**PROBLEM:** Wherever an image appears in the entries, drop it and reproduce everything else exactly.

**RECORDS TO PROCESS:**
/---
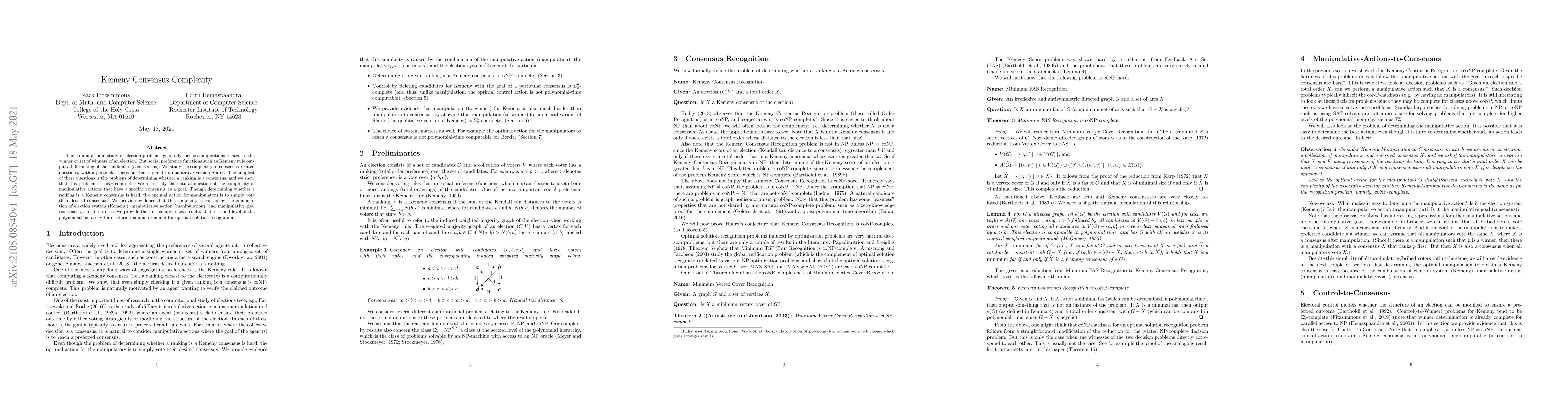 This paper investigates the computational complexity of consensus-related election problems, specifically focusing on the Kemeny rule. It demonstrates that determining whether a ranking is a Kemeny consensus is coNP-complete, while the optimal manipulative strategy for achieving a desired consensus is surprisingly simple. The study also provides completeness results for electoral manipulation and optimal solution recognition.
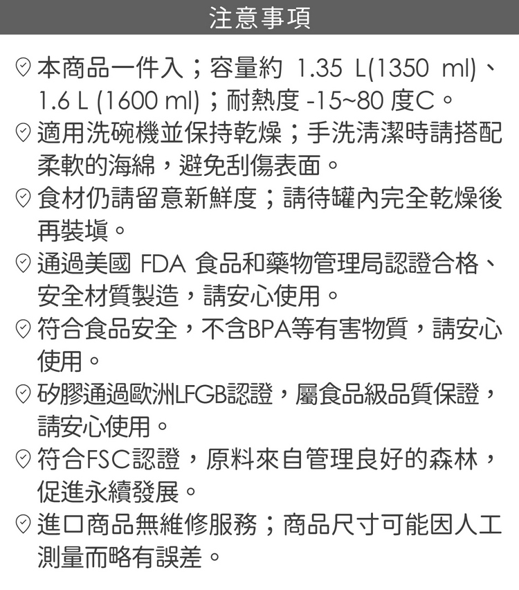 品牌:西班牙 LEKUE材質:SAN/PP 塑料、白金矽膠 (密封膠條)尺寸:長 10.5 x 寬 10.5 x 高 25.5 cm、翻轉後長 10.5 x 寬 10.5 x 高 28.5 cm重量:360 g產地:中國容量:約 1.35 L (1350 ml)、1.6 L (1600 ml)
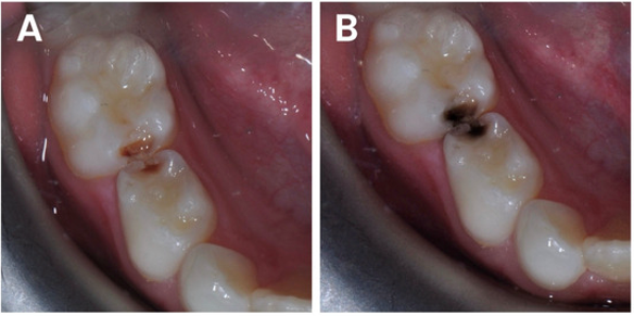 The decayed area of the tooth will turn dark black. This is a normal sign that the SDF is working. Healthy tooth structure does not stain.
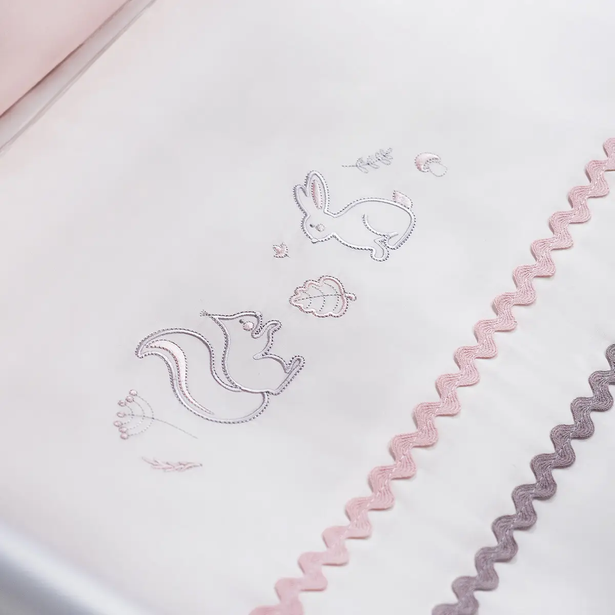 Дизайн комплекта продуман до мелочей – пастельные оттенки впишутся практически в любой интерьер. После пробуждения малыш наверняка найдёт себе развлечение и будет с интересом рассматривать рисунок на пододеяльнике, выполненный в виде вышивки.
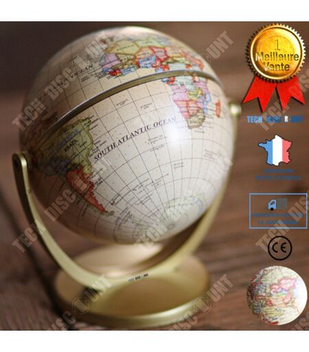 Matériau: plastique Taille: 12 * 12 * 15cm -[Présentation du produit] Il s?agit d?un globe terrestre, adapté au stage d?étude, à l?éducation scientifique, pratique et esthétique, qui consiste à offrir aux enfants, aux étudiants la connaissance du monde. Carte jaune foncé avec lettres anglaises, style rétro nostalgique -[Belle texture] texte clair joliment imprimé, excellente finition -[Rotation]le globe peut être tourné à gauche et à droite, peut également basculer de haut en bas, facile à lire et à parcourir -[Entreprise et marque française Tech Discount®]: Notre entreprise Tech Discount® fabrique et vend ce produit globe terrestre de qualité supérieure par rapport aux produits de même type sur le marché (Même si les photos sont similaires, ils ne sont pas conçus de la même façon et les vendeurs n?offrent pas les mêmes services après-vente). Chaque produit subit un contrôle strict avant son expédition qui vous permettra de recevoir votre produit en excellent état, en cas de problème de qualité, échange gratuit sous 14 jours. Expédié depuis la France le jour même de la commande et vous la recevrez dans les meilleurs délais (contrairement aux autres vendeurs qui ne peuvent pas garantir le temps d'expédition ou qui expédient depuis l'étranger qui risque d'avoir un service après vente insuffisant). Notre service après vente se tiendra à votre écoute pour vous répondre efficacement. --[A l?attention des autres vendeurs]: Ce produit est vendu exclusivement sous notre marque française Tech Discount®. Il est interdit d'ajouter cette offre dans votre compte. Nous avons le certificat d?enregistrement de marque INPI ainsi que le brevet. Toutes les ventes de contrefaçon entraîneront l?ouverture d?une enquête ainsi qu?une poursuite en justice. Merci de votre compréhension. ...
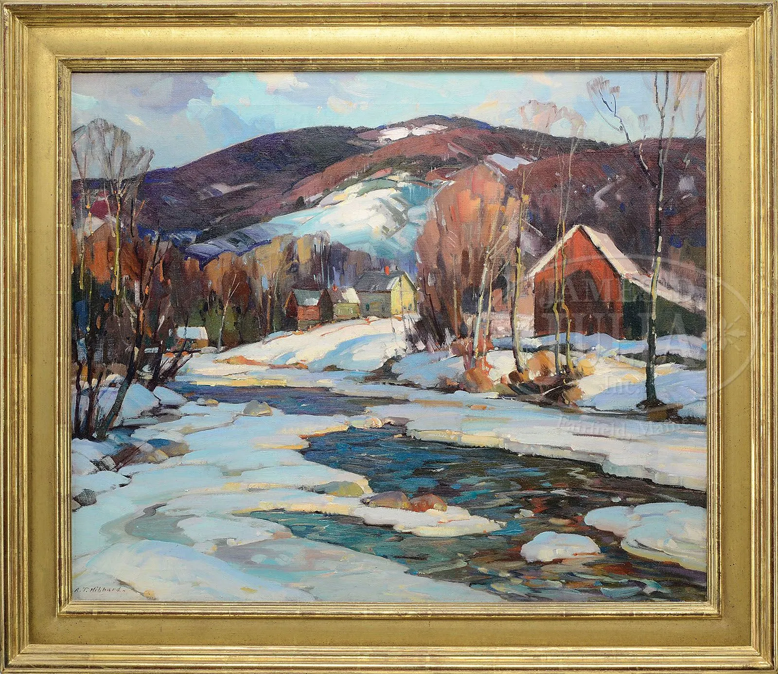 ALDRO THOMPSON HIBBARD (American, 1886-1972) SPRING THAW/ A SUNLIT VERMONT SCENE. Oil on canvas Housed in a gold Guido frame, in good condition Signed “A.T. Hibbard”, lower left SIZE: 25″ x 30″. Overall: 31-1/2″ x 36-1/4″ PROVENANCE: The John F. Gale Collection, Cambridge, MA CONDITION: Very good 9-27324 (8,000-12,000)
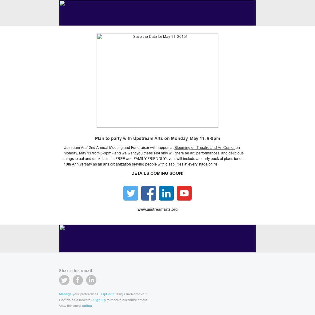 Upstream Arts' 2nd Annual Meeting and Fundraiser will happen at Bloomington Theatre and Art Center on Monday, May 11 from 6-9pm - and we want you there! Not only will there be art, performances, and delicious things to eat and drink, but this FREE and FAMILY-FRIENDLY event will include an early peek at plans for our 10th Anniversary as an arts organization serving people with disabilities at every stage of life. DETAILS COMING SOON!
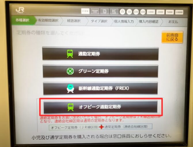 オフピーク定期券は、直接駅に備え付けの自動券売機で購入することができます。
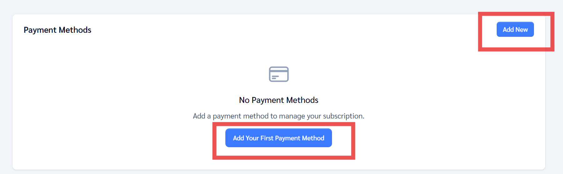 - Within the "Payment Methods" section, select "Add your first Payment Method" if you do not have one yet.
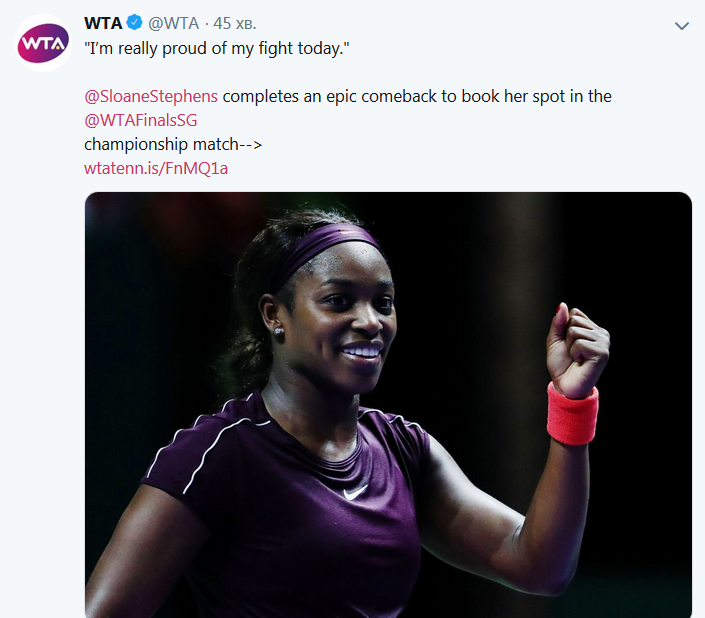 Сегодня, 27 октября, во втором полуфинале итогового турнира WTA в Сингапуре, американка Слоун Стивенс и чешская теннисистка Каролина Плишкова выясняли между собой, кто станет соперницей нашей Элины Свитолиной.
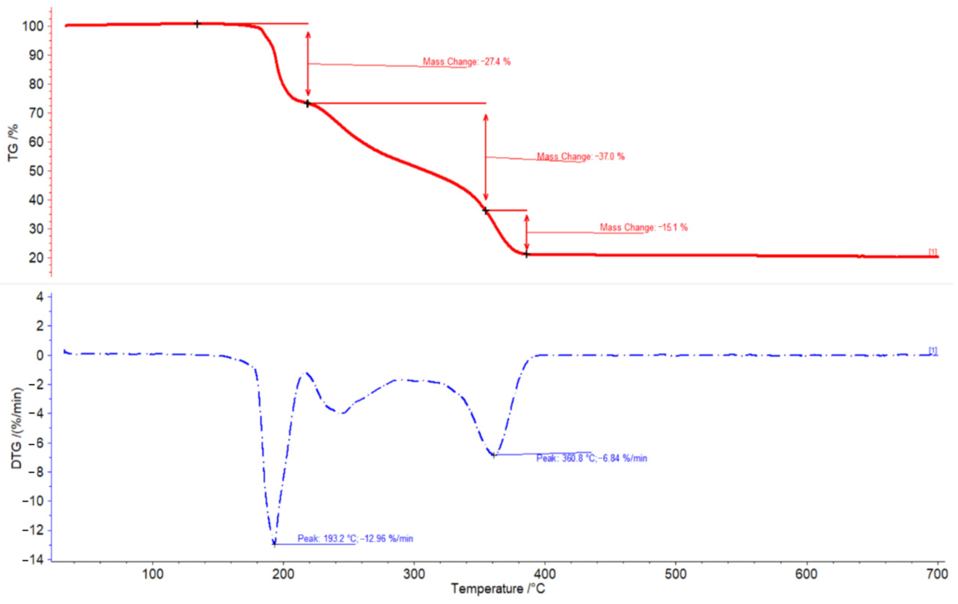 Figure 2). A 15.1% mass loss occurs between 330 and 380 °C, with a prominent DTG peak at 360 °C. This represents the final decomposition stage that determines subsequent catalytic activity. It corresponds to the decomposition of remaining organic ligands and formation of iron oxide species (XRPD analysis confirms this transformation). The previous mass losses (27.4% and 37.0%) observed at lower temperatures are associated with the initial removal of coordinated and non-coordinated acetylacetonate ligands.
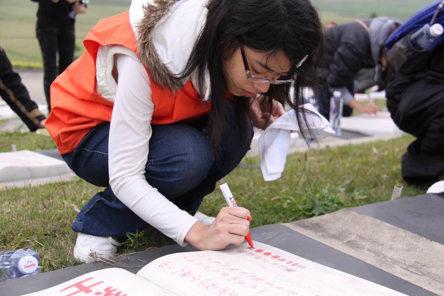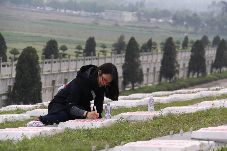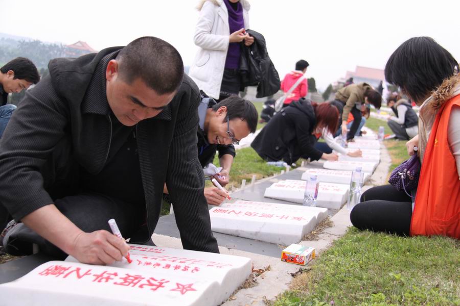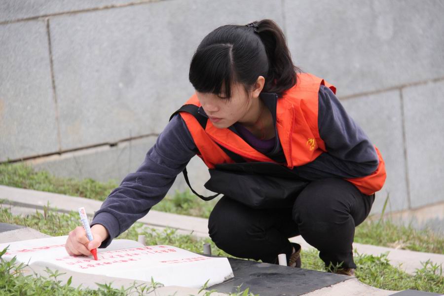 3月26日,我们100多名志愿者,怀着无比崇敬的心情,来到狮子岭烈士陵园,深切缅怀革命先烈们的丰功伟绩,表达我们的思念之情,告慰他们的在天之灵,并为他们的墓碑描摹。
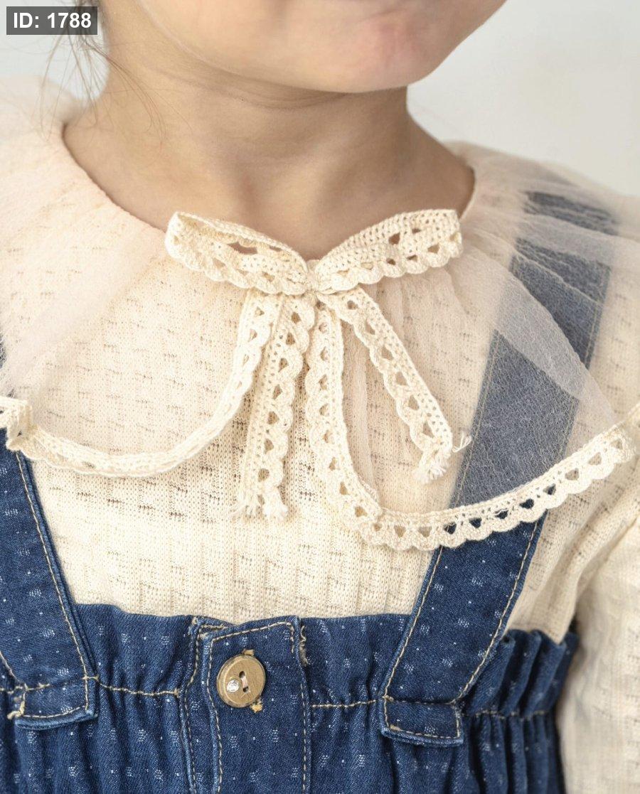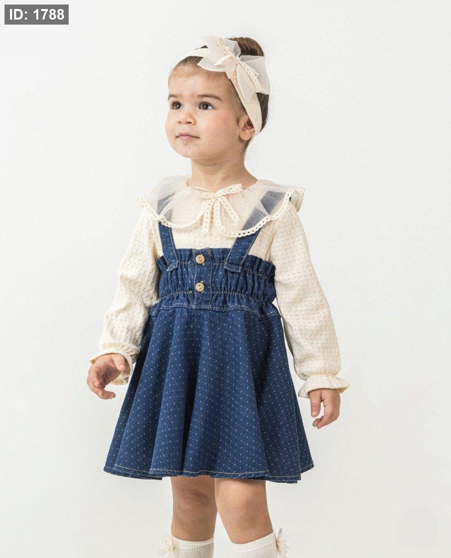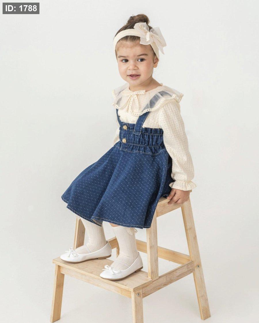 فستان جينز مع بلوزة وبندانة لشعر
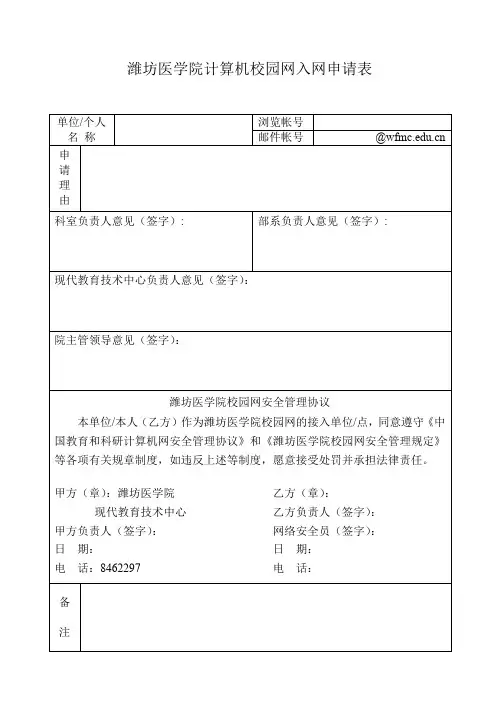 计算机入网申请表一、个人信息1、姓名:_____2、所在部门:_____3、职位:_____4、联系电话:_____5、电子邮箱:_____二、计算机信息1、计算机品牌及型号:_____2、操作系统版本:_____3、计算机 MAC 地址:_____4、 IP 地址(如有):_____三、入网用途1、工作用途(请详细说明工作内容和所需使用的网络资源):例如:需要访问公司内部的文件服务器,进行日常的文件传输和共享;使用特定的工作软件,与团队成员进行远程协作等。
\---
**RESULT FOR THIS EXERCISE:**
 This paper investigates the computational complexity of consensus-related election problems, specifically focusing on the Kemeny rule. It demonstrates that determining whether a ranking is a Kemeny consensus is coNP-complete, while the optimal manipulative strategy for achieving a desired consensus is surprisingly simple. The study also provides completeness results for electoral manipulation and optimal solution recognition.
 品牌:西班牙 LEKUE材質:SAN/PP 塑料、白金矽膠 (密封膠條)尺寸:長 10.5 x 寬 10.5 x 高 25.5 cm、翻轉後長 10.5 x 寬 10.5 x 高 28.5 cm重量:360 g產地:中國容量:約 1.35 L (1350 ml)、1.6 L (1600 ml)
 The decayed area of the tooth will turn dark black. This is a normal sign that the SDF is working. Healthy tooth structure does not stain.
 Дизайн комплекта продуман до мелочей – пастельные оттенки впишутся практически в любой интерьер. После пробуждения малыш наверняка найдёт себе развлечение и будет с интересом рассматривать рисунок на пододеяльнике, выполненный в виде вышивки.
 Matériau: plastique Taille: 12 * 12 * 15cm -[Présentation du produit] Il s?agit d?un globe terrestre, adapté au stage d?étude, à l?éducation scientifique, pratique et esthétique, qui consiste à offrir aux enfants, aux étudiants la connaissance du monde. Carte jaune foncé avec lettres anglaises, style rétro nostalgique -[Belle texture] texte clair joliment imprimé, excellente finition -[Rotation]le globe peut être tourné à gauche et à droite, peut également basculer de haut en bas, facile à lire et à parcourir -[Entreprise et marque française Tech Discount®]: Notre entreprise Tech Discount® fabrique et vend ce produit globe terrestre de qualité supérieure par rapport aux produits de même type sur le marché (Même si les photos sont similaires, ils ne sont pas conçus de la même façon et les vendeurs n?offrent pas les mêmes services après-vente). Chaque produit subit un contrôle strict avant son expédition qui vous permettra de recevoir votre produit en excellent état, en cas de problème de qualité, échange gratuit sous 14 jours. Expédié depuis la France le jour même de la commande et vous la recevrez dans les meilleurs délais (contrairement aux autres vendeurs qui ne peuvent pas garantir le temps d'expédition ou qui expédient depuis l'étranger qui risque d'avoir un service après vente insuffisant). Notre service après vente se tiendra à votre écoute pour vous répondre efficacement. --[A l?attention des autres vendeurs]: Ce produit est vendu exclusivement sous notre marque française Tech Discount®. Il est interdit d'ajouter cette offre dans votre compte. Nous avons le certificat d?enregistrement de marque INPI ainsi que le brevet. Toutes les ventes de contrefaçon entraîneront l?ouverture d?une enquête ainsi qu?une poursuite en justice. Merci de votre compréhension. ...
 ALDRO THOMPSON HIBBARD (American, 1886-1972) SPRING THAW/ A SUNLIT VERMONT SCENE. Oil on canvas Housed in a gold Guido frame, in good condition Signed “A.T. Hibbard”, lower left SIZE: 25″ x 30″. Overall: 31-1/2″ x 36-1/4″ PROVENANCE: The John F. Gale Collection, Cambridge, MA CONDITION: Very good 9-27324 (8,000-12,000)
 Upstream Arts' 2nd Annual Meeting and Fundraiser will happen at Bloomington Theatre and Art Center on Monday, May 11 from 6-9pm - and we want you there! Not only will there be art, performances, and delicious things to eat and drink, but this FREE and FAMILY-FRIENDLY event will include an early peek at plans for our 10th Anniversary as an arts organization serving people with disabilities at every stage of life. DETAILS COMING SOON!
 オフピーク定期券は、直接駅に備え付けの自動券売機で購入することができます。
 - Within the "Payment Methods" section, select "Add your first Payment Method" if you do not have one yet.
 Сегодня, 27 октября, во втором полуфинале итогового турнира WTA в Сингапуре, американка Слоун Стивенс и чешская теннисистка Каролина Плишкова выясняли между собой, кто станет соперницей нашей Элины Свитолиной.
 Figure 2). A 15.1% mass loss occurs between 330 and 380 °C, with a prominent DTG peak at 360 °C. This represents the final decomposition stage that determines subsequent catalytic activity. It corresponds to the decomposition of remaining organic ligands and formation of iron oxide species (XRPD analysis confirms this transformation). The previous mass losses (27.4% and 37.0%) observed at lower temperatures are associated with the initial removal of coordinated and non-coordinated acetylacetonate ligands.
 3月26日,我们100多名志愿者,怀着无比崇敬的心情,来到狮子岭烈士陵园,深切缅怀革命先烈们的丰功伟绩,表达我们的思念之情,告慰他们的在天之灵,并为他们的墓碑描摹。
 فستان جينز مع بلوزة وبندانة لشعر
 计算机入网申请表一、个人信息1、姓名:_____2、所在部门:_____3、职位:_____4、联系电话:_____5、电子邮箱:_____二、计算机信息1、计算机品牌及型号:_____2、操作系统版本:_____3、计算机 MAC 地址:_____4、 IP 地址(如有):_____三、入网用途1、工作用途(请详细说明工作内容和所需使用的网络资源):例如:需要访问公司内部的文件服务器,进行日常的文件传输和共享;使用特定的工作软件,与团队成员进行远程协作等。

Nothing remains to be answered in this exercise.